While the Vatican was officially neutral during the war, Pius XII maintained links to the German Resistance, used diplomacy to aid the victims of the war and lobby for peace and spoke out against race based murders and other atrocities.[2] The Reichskonkordat of 1933 and Pius's leadership of the Catholic Church during World War II remain the subject of controversy—including allegations of public silence and inaction about the fate of the Jews.[3]

After the war Pius XII advocated peace and reconciliation, including lenient policies towards Axis and Axis-satellite nations. The Church experienced severe persecution and mass deportations of Catholic clergy in the Eastern Bloc. Pius XII was a staunch opponent of Communism and of the Italian Communist Party. Pius XII explicitly invoked ex cathedra papal infallibility with the dogma of the Assumption of Mary in his 1950 Apostolic constitution Munificentissimus Deus.[4] His magisterium includes almost 1,000 addresses and radio broadcasts. His forty-one encyclicals include Mystici Corporis, the Church as the Body of Christ; Mediator Dei on liturgy reform; and Humani generis on the Church's positions on theology and evolution. He eliminated the Italian majority in the College of Cardinals in 1946.

Pius XII suffered from the shadow of ill health in 1954 which would continue until his death in 1958. The embalming of his body was mishandled, with effects that were evident during the funeral. He was buried in the Vatican grottos and was succeeded by Pope John XXIII.

In the process toward sainthood, his cause for canonization was opened on 18 November 1965 by Pope Paul VI during the final session of the Second Vatican Council. He was made a Servant of God by Pope John Paul II in 1990 and Pope Benedict XVI declared Pius XII Venerable on 19 December 2009.[5]

Contents 



Early life



Eugenio Maria Giuseppe Giovanni Pacelli was born on 2 March 1876 in Rome into a family of intense Catholic piety with a history of ties to the papacy (the "Black Nobility"). His parents were Filippo Pacelli (1837–1916) and Virginia (née Graziosi) Pacelli (1844–1920).

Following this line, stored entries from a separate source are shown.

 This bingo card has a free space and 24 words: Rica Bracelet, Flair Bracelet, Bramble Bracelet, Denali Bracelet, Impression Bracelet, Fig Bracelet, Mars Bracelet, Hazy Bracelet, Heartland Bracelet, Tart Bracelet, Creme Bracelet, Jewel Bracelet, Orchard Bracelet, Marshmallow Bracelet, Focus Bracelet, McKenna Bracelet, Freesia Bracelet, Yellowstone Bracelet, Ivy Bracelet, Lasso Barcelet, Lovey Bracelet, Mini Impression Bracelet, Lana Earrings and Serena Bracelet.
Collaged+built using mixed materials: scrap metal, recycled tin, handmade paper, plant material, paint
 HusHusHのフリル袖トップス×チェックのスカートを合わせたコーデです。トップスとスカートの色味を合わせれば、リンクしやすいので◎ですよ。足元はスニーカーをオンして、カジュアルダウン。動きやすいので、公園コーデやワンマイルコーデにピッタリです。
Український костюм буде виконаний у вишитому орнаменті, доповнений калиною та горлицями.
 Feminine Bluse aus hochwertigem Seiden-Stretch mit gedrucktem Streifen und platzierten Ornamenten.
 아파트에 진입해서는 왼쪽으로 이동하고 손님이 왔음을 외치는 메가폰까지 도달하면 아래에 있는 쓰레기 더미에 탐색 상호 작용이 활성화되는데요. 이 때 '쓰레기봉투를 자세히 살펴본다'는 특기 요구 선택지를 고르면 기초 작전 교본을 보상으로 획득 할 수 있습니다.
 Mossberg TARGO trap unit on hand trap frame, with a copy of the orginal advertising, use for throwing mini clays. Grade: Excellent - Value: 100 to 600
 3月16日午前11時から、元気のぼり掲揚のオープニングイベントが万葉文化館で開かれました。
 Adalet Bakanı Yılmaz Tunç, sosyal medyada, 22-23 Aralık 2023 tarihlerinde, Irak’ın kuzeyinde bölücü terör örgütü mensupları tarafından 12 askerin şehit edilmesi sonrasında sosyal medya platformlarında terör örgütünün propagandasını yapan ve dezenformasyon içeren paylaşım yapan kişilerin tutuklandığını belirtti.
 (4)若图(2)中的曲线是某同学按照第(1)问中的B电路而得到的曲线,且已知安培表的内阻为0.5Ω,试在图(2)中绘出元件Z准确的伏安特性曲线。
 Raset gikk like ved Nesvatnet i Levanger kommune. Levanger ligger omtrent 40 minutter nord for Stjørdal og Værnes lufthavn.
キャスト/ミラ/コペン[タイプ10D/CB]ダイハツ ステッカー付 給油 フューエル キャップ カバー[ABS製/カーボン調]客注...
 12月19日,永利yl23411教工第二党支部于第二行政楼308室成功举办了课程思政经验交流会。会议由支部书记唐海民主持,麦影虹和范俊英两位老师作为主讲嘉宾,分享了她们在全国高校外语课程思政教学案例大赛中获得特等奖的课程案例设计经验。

His grandfather, Marcantonio Pacelli, had been Under-Secretary in the Papal Ministry of Finances[6] and then Secretary of the Interior under Pope Pius IX from 1851–70 and helped found the Vatican's newspaper, L'Osservatore Romano in 1861.[7][8] His cousin, Ernesto Pacelli, was a key financial advisor to Pope Leo XIII; his father, Filippo Pacelli, a Franciscan tertiary,[9] was the dean of the Sacra Rota Romana; and his brother, Francesco Pacelli, became a lay canon lawyer and the legal advisor to Pius XI, in which role he negotiated the Lateran Treaty in 1929, the pact with Benito Mussolini, bringing an end to the Roman Question.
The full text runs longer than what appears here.